Plain English

Has Plain English Improved Public Companies' Disclosure Statements?

In the late ‘90s, the Securities and Exchange Commission (SEC) adopted a rule that required all securities registrants to use plain English in their prospectuses. Specifically, this rule said that companies should write the cover page, summary and risk factors sections in plain English. The move to plain English was expected to be “a profound cultural change” according to Isaac C. Hunt, Jr., Commissioner, U.S. Securities and Exchange Commission. From the SEC’s viewpoint, writing in plain English means:
  • Short and concise sentences and paragraphs
  • Active voice
  • Every day language
  • Descriptive headings
  • Bullets
  • Define words in the text and avoid using glossaries
  • Limit the legal and technical writing
  • Eliminate repetition
While the concept of plain English is not new, the main purpose of plain English in SEC filings was to help the average investor understand the company so they could make informed investment decisions. Almost ten years later, the question remains: Has the advent of plain English helped investors better understand the companies they are investing in? Decide for yourself. Read the following excerpts from a few of the companies that compose the Dow Jones Industrial Average and look for plain English violations.
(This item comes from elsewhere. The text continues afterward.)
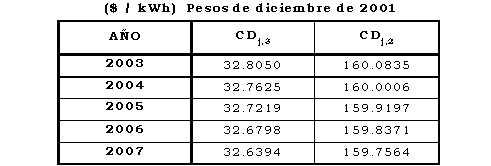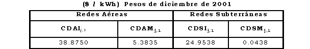 - Cargo de transición para el primer mes de aplicación del Cargo Máximo de Nivel de Tensión 2 aprobado en esta Resolución: 40.3686 $/kWh (pesos de diciembre de 2001).
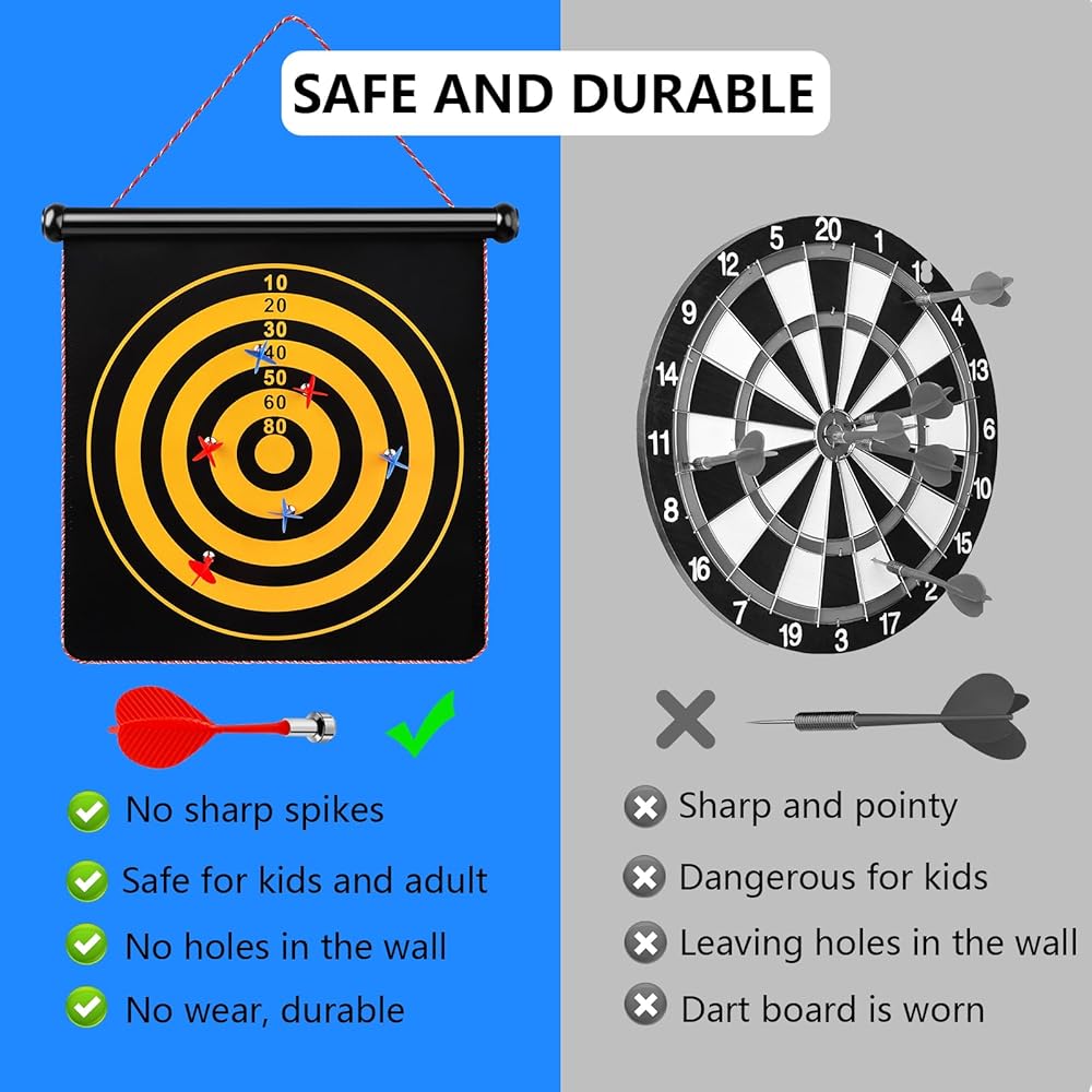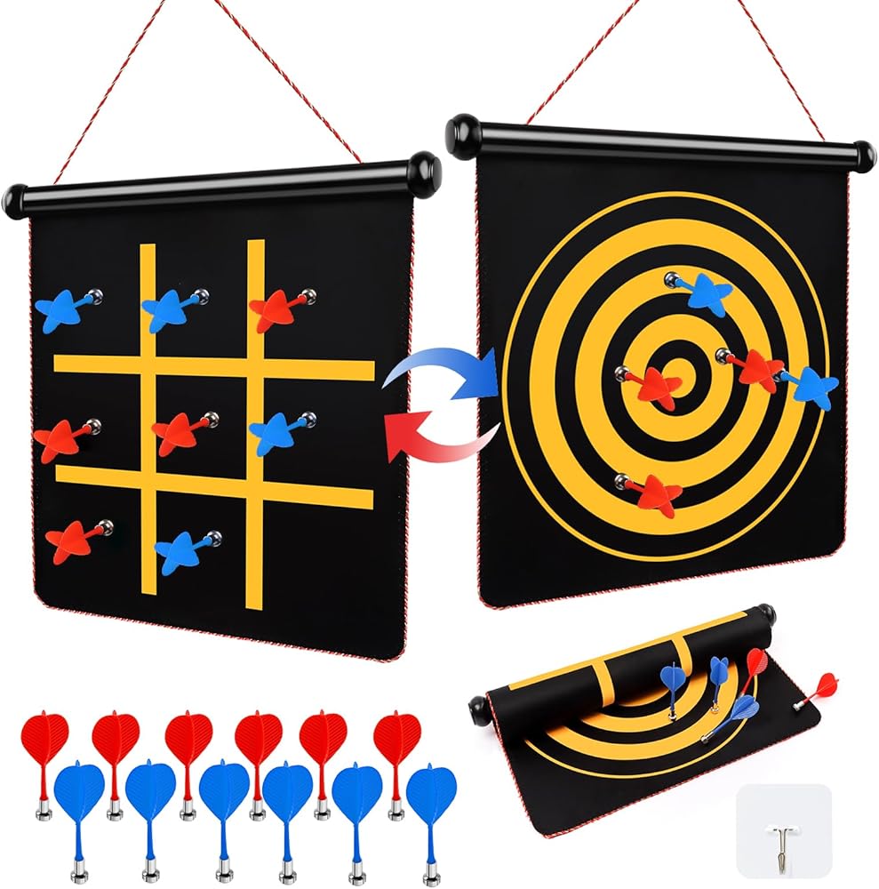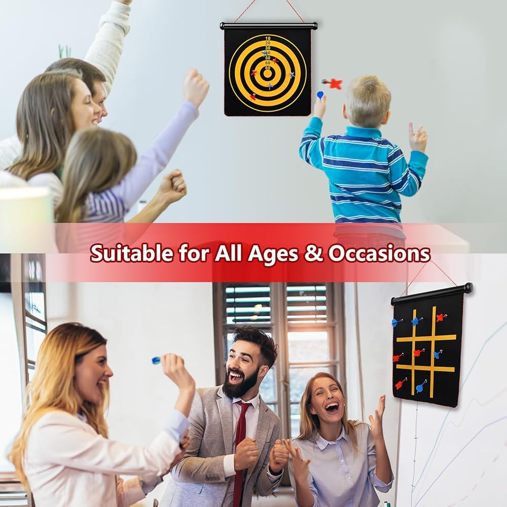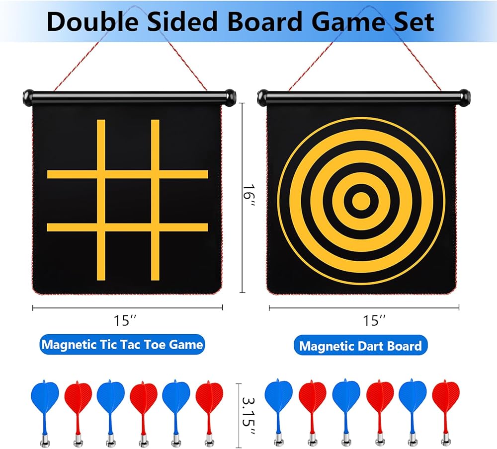 • 2-in-1 Darts Tic-tac-toe Game: A double-sided board game set, offers 2 ways to play. One side is magnetic dart board game and the other is magnetic tic tac toe game, providing a more challenging and diverse gaming experience

Honeywell International Inc. Business Overview
"Honeywell International Inc. is a diversified technology and manufacturing company, serving customers worldwide with aerospace products and services, control, sensing and security technologies for buildings, homes and industry, turbochargers, automotive products, specialty chemicals, electronic and advanced materials, and process technology for refining and petrochemicals. Honeywell was incorporated in Delaware in 1985.”
Plain English Violations:
  • Honeywell’s business overview has a fog index of 23.6.
  • The paragraph contains two sentences, one of which contains 45 words.

Merck & Co. Inc. Business Overview
“During 2006, Merck continued to execute its strategy to reclaim its leadership position in the pharmaceutical industry. This was made evident through the successful launches of five novel medicines and vaccines in areas such as cancer prevention and diabetes, the advancement of drug candidates through every phase of the Company’s pipeline and the continued success of its newer and in-line products.”
Plain English Violations:
  • Merck’s business overview has a fog index of 18.3.
  • More than 50 percent of this paragraph is written in the passive voice.
  • On average there are 30.5 words per sentence.


Alcoa Inc. Risk Factor
“The aluminum industry is highly cyclical, with prices subject to worldwide market forces of supply and demand and other influences. Prices can be volatile. Although Alcoa uses contractual arrangements with customers, as well as forward, futures and options contracts, to manage its exposure to the volatility of LME-based prices, and is product and segment diversified, Alcoa’s results of operations could be affected by material adverse changes in economic or aluminum industry conditions generally or in the markets served by Alcoa, including the transportation, building and construction, distribution, packaging, industrial gas turbine and other markets.”
Plain English Violations
  • This risk factor has a fog index of 19.7.
  • "LME-based prices" is neither an average day phrase nor is it defined in the text.
  • On average there are 31.1 words per sentence.

While companies’ filings may be clearer than before plain English came along, there is still plenty of room for improvement.



References:
1Hunt, Isaac C. (Speaker). (1997). Transcript. Plain English and the U.S. Securities Markets. Rare Book, The Plain English Campaign's 5th International Conference. London, England.
2Plain English Disclosure: Securities and Commissions Exchange. Release Nos. 33-7497; 34-39593; IC-23011 (1998).